Broadband monopoly bill up for a vote tomorrow (5/6)

The bill that would force you to wait on the cable/phone supplier for better broadband speeds is up for a vote tomorrow morning (Wed., May 6) in the NC House Public Utilities Committee in room 1228 of the Legislative building on Jones St. HB 1252 would prevent any NC city/county/town from providing broadband services to its communities.

The vote should be interesting because just yesterday, some BIG private sector companies weighed in against the bill, saying it will stifle next-generation broadband development in our state. We’re talking Google, Intel, Alcatel-Lucent. This should end any notion that municipal broadband is about anything other than better service.

If you care about NC broadband deployment, I hope you’ll join us there. See you tomorrow. 🙂

Private industries blast broadband monopoly bill. This is HUGE.

A joint letter sent to state legislators and the governor yesterday should be a nail in the coffin for the argument that this is a private sector vs. public sector issue.

Several large companies including Google, Intel Corporation and Alcatel-Lucent have explained to our lawmakers that HB 1252 is bad for NC and for the country.

Here’s a segment:

“We, the undersigned private-sector companies and trade associations urge you to oppose HB1252, the so-called “Level Playing Field Act.” HB1252 is “level” only in the sense that it will harm both the public and private sectors.
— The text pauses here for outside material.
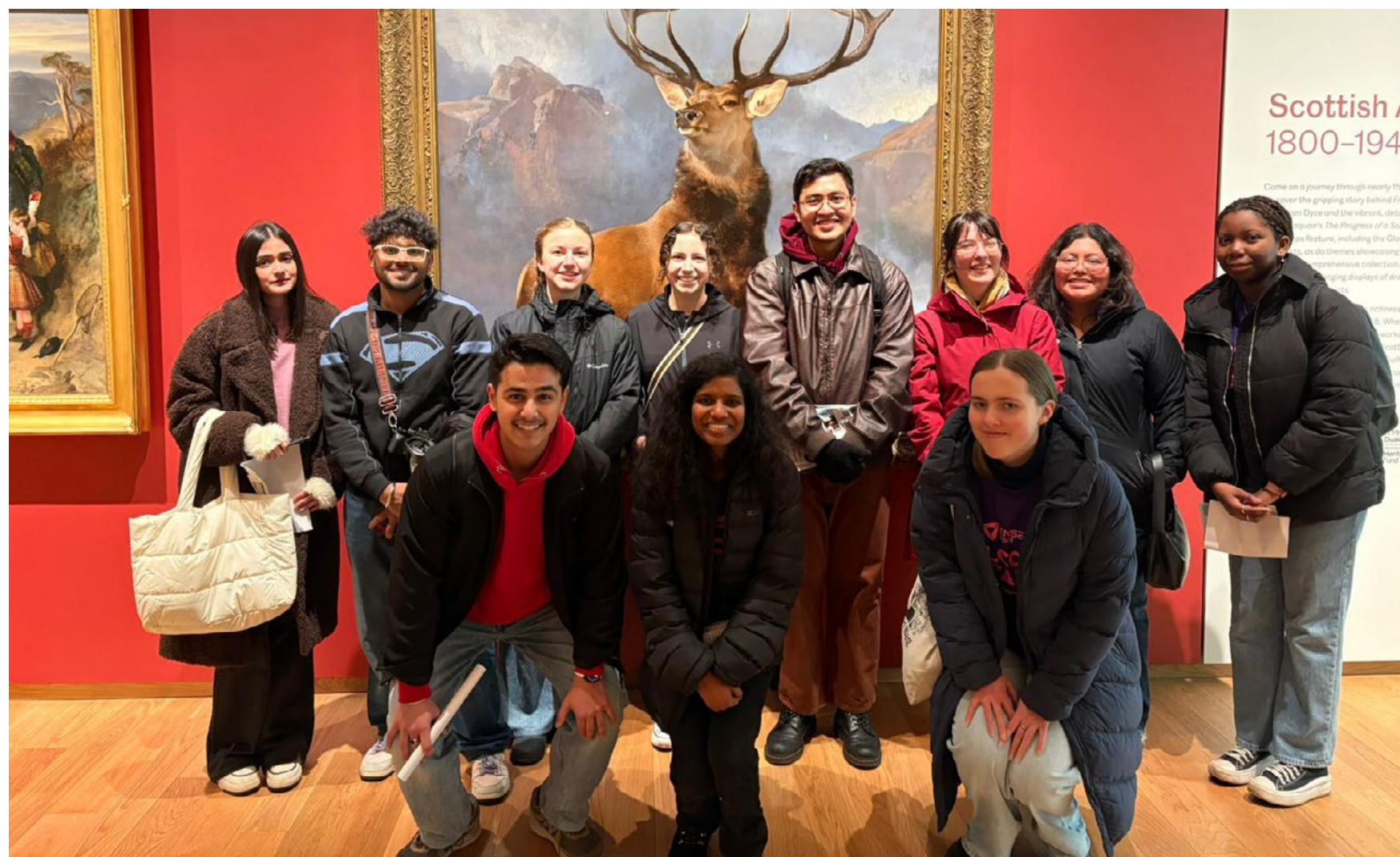
Welcome Back Week Culture Crawl

It will thwart public broadband initiatives, stifle economic growth, prevent the creation or retention of thousands of jobs, and diminish quality of life in North Carolina. In particular, it will hurt the private sector by undermining public-private partnerships, hamstringing our ability to sell our goods and services, interfering with workforce development, and stifling creativity and innovation.”
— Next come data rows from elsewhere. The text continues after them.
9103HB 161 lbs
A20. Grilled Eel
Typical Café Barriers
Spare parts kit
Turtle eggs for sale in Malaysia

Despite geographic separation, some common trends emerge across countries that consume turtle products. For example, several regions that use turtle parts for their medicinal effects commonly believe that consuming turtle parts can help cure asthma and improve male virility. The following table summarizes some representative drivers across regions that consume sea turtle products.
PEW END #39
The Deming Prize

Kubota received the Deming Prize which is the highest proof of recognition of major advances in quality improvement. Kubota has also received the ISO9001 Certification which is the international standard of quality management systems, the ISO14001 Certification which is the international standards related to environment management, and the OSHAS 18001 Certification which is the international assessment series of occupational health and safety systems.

Well said. These companies understand that better broadband, no matter who provides it, is an economic engine for our state.

If local communities are forbidden from providing better service because of new laws, North Carolinians will have to settle for whatever the cable and phone companies provide them. The places that are most profitable will get the best service. Everyone else will have to wait until they are worth the investment.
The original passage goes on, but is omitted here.